There are relevant measures for the protection of trade secrets with regard to the powers of the judge related to the proceedings on the unlawful acquisition, use or disclosure. In particular, the judge may require, considering the principles of proportionality and the specific circumstances of the case:

  • To cease the manufacture, the commerce and the use of the infringing goods, eventually together with the provision of an amount of money due to every infringement or non-observance recorded subsequently and for any delay as regards the execution of the measure;
  • To withdraw definitively from the commerce the infringing goods with respect to their owner or holder;
  • Alternatively, have imposed upon them the payment of an indemnity if jointly subsist the following conditions:—the applicant, at the moment of the use or disclosure, did not know nor, according to the circumstances, could have known that the trade secrets had been obtained by a third party who was unlawfully using or disclosing them;—the execution of these measures may be excessively expensive for the applicant;—the indemnity is adequate with respect to the prejudice borne by the party who asked for the application of measures.

A five-year statute of limitations has been established for rights and actions connected with such misconduct
In proceedings, for the purpose of protection of trade secrets, the court, at the request of a party, may forbid subjects taking part in the proceedings (parties, attorneys, expert counsel, witnesses, etc.) to disclose or use the trade secrets or undisclosed know-how that they have become aware of during the trial.

The prohibition is effective also after the termination of the trial, but loses effectiveness if:

  1. It is ascertained, with the final judgement, that the information does not constitute a trade secret
  2. Trade secrets become generally known or easily accessible to experts or sector operators

Moreover, at the request of a party, the judge can:

  • Limit the access to hearings, acts and documents related to the trial to a restricted number of people;
  • Order “sensitive” information, regarding trade secrets, in court orders to be blacked out or removed.

In regard to the penal aspect, it is expressly provided that the non-compliance with the above-mentioned precautionary measures for the protection of trade secrets, is punishable with imprisonment up to three years or a fine ranging between €103 – €1,032.

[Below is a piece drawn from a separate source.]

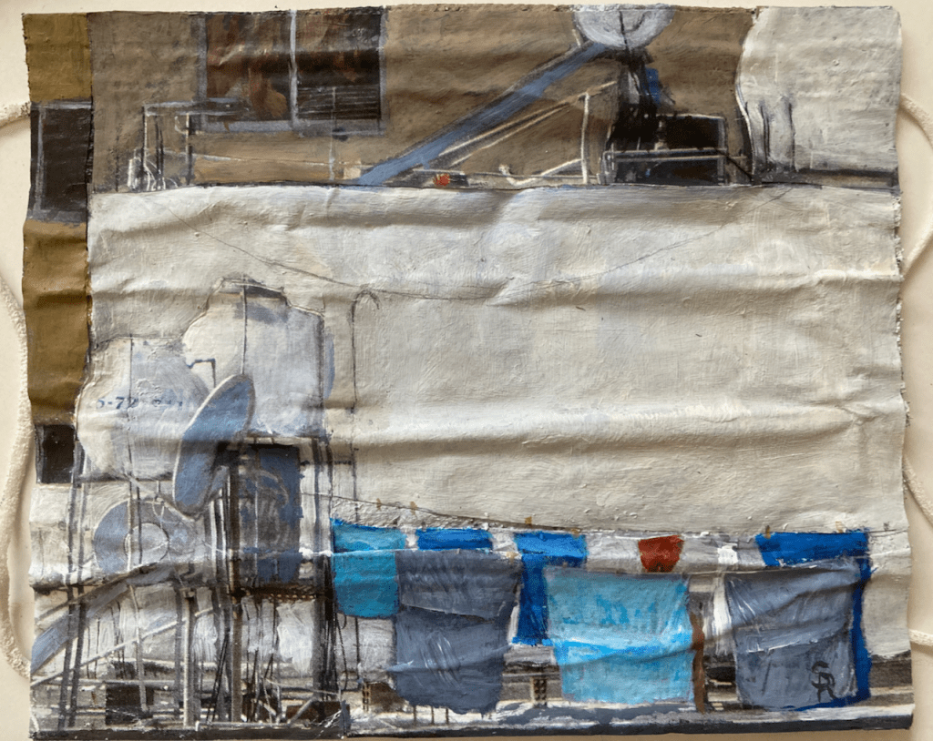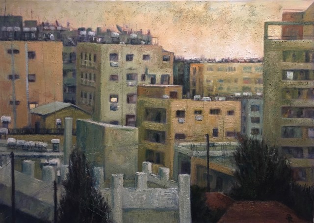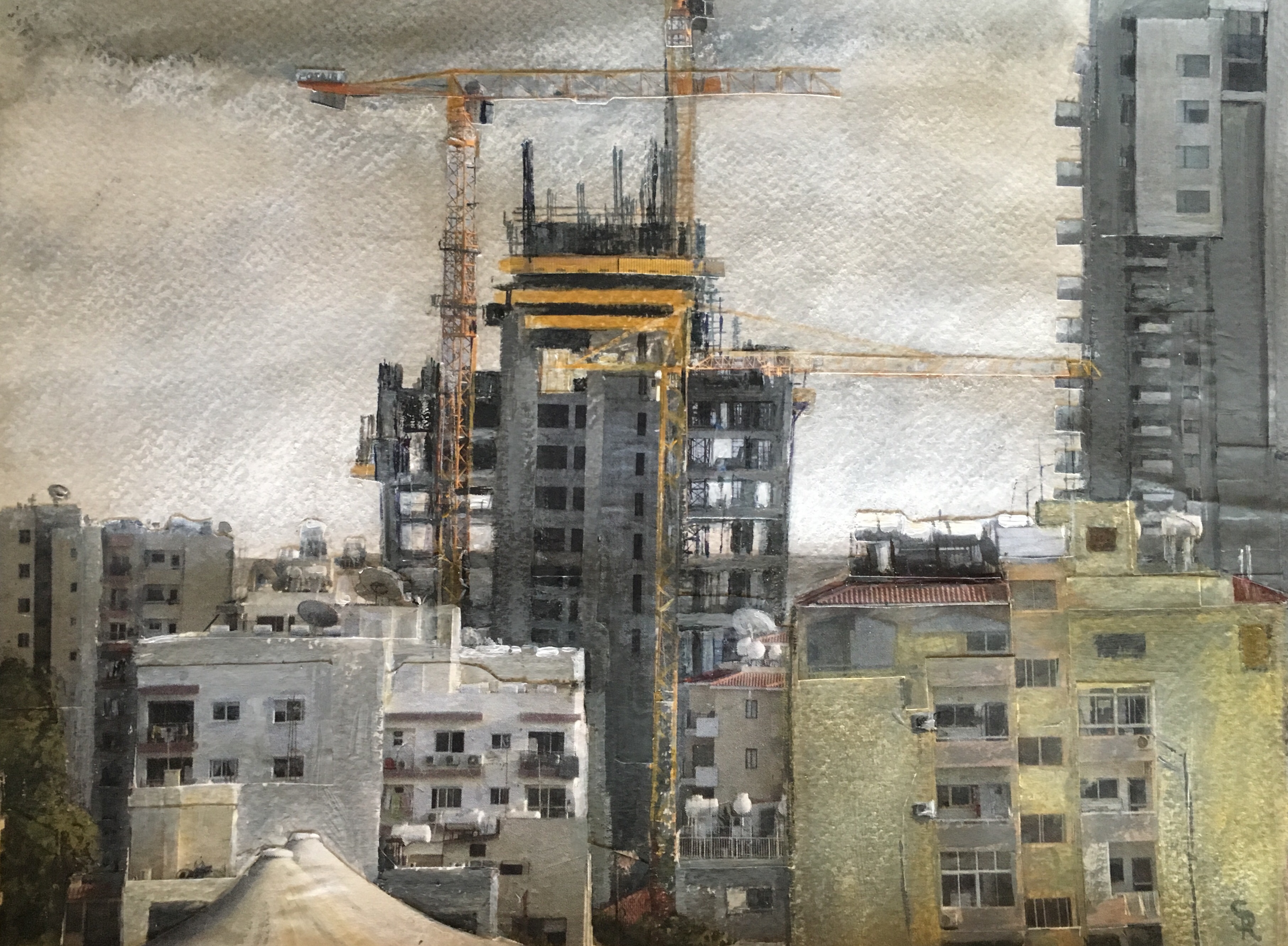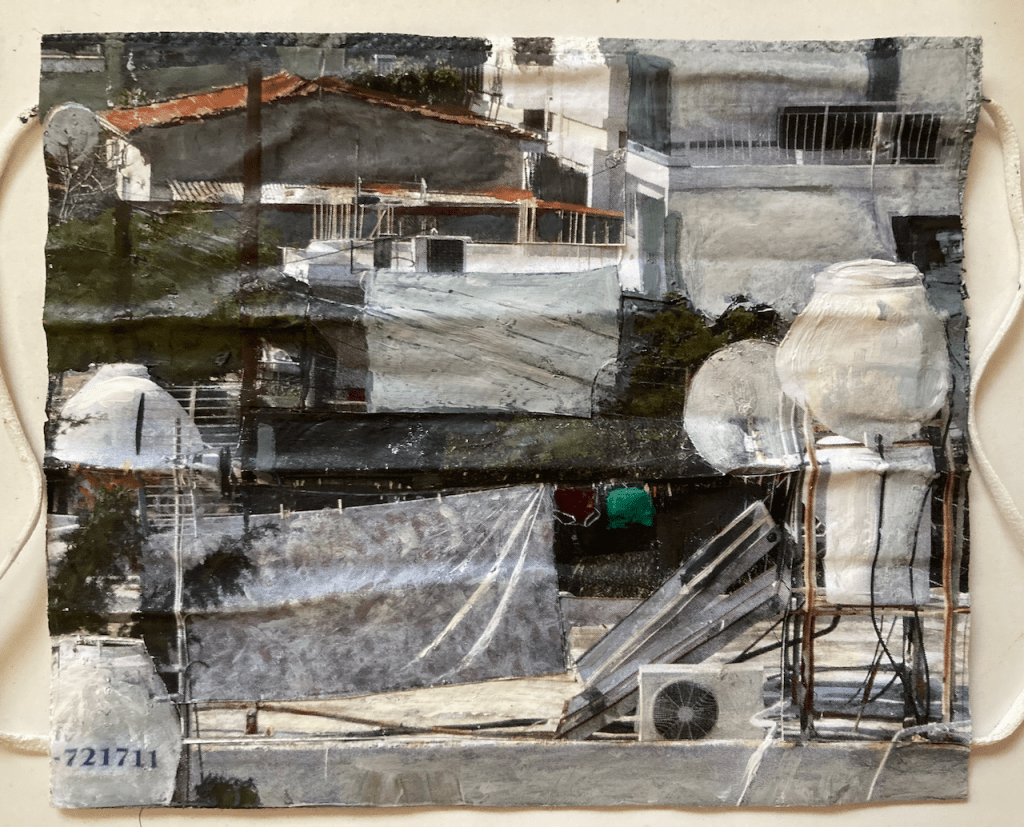 ” ‘A Raven’s View’, is a continual documentation in drawings and paintings of my surrounding changing townscape.”

Furthermore, it is it punishable by imprisonment up to two years those who, having become aware of trade secrets or information undisclosed regarding scientific inventions or discoveries, for reasons of their status or office, or profession or art, discloses or uses them for its own or someone else’s return. The same punishment is provided for those who, having illegally acquired trade secrets, discloses or uses them for its own or someone else’s return. The penalty is increased if the fact relating to trade secrets is committed through any IT tool.

Before this decree, there was already in place in the Italian legal system the protection of trade secrets. The European Directive has introduced elements thanks to which know-how has a harmonious protection in the European territory, through the extent of the standards of protection related to punishable misconduct, the assignment of stronger powers to the judge in the proceedings intended to ensure the secrecy of the information and the exacerbation of the protection in the penal field.